Data provided Block Start

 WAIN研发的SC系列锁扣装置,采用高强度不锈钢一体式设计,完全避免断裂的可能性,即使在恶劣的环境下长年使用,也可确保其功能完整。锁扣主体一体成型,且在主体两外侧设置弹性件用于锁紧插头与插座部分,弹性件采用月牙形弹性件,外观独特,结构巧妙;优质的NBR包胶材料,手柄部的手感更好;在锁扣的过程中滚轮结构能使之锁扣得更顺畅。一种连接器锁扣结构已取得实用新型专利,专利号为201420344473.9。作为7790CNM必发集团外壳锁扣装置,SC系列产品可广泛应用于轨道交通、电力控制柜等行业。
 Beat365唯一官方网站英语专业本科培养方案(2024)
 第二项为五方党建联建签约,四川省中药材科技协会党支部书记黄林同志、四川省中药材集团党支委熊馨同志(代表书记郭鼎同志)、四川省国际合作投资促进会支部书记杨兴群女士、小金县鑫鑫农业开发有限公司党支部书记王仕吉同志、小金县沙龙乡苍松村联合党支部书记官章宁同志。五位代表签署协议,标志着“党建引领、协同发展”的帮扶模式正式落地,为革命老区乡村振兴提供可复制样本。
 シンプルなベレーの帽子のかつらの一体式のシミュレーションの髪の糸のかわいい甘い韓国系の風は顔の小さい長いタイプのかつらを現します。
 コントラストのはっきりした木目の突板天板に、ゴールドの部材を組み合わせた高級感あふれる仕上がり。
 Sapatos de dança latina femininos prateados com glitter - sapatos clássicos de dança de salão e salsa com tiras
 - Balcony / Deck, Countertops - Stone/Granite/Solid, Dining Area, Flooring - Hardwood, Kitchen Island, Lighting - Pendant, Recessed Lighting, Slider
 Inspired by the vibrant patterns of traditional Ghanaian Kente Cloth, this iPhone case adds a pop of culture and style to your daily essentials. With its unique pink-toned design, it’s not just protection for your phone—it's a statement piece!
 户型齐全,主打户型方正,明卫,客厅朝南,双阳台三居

Data provided Block End

Exercise directions: Retype nothing except the lines from the line holding "第二项为五方党建联建签约,四" through the last line of the entries, both included.

Response to the task:
 第二项为五方党建联建签约,四川省中药材科技协会党支部书记黄林同志、四川省中药材集团党支委熊馨同志(代表书记郭鼎同志)、四川省国际合作投资促进会支部书记杨兴群女士、小金县鑫鑫农业开发有限公司党支部书记王仕吉同志、小金县沙龙乡苍松村联合党支部书记官章宁同志。五位代表签署协议,标志着“党建引领、协同发展”的帮扶模式正式落地,为革命老区乡村振兴提供可复制样本。
 シンプルなベレーの帽子のかつらの一体式のシミュレーションの髪の糸のかわいい甘い韓国系の風は顔の小さい長いタイプのかつらを現します。
 コントラストのはっきりした木目の突板天板に、ゴールドの部材を組み合わせた高級感あふれる仕上がり。
 Sapatos de dança latina femininos prateados com glitter - sapatos clássicos de dança de salão e salsa com tiras
 - Balcony / Deck, Countertops - Stone/Granite/Solid, Dining Area, Flooring - Hardwood, Kitchen Island, Lighting - Pendant, Recessed Lighting, Slider
 Inspired by the vibrant patterns of traditional Ghanaian Kente Cloth, this iPhone case adds a pop of culture and style to your daily essentials. With its unique pink-toned design, it’s not just protection for your phone—it's a statement piece!
 户型齐全,主打户型方正,明卫,客厅朝南,双阳台三居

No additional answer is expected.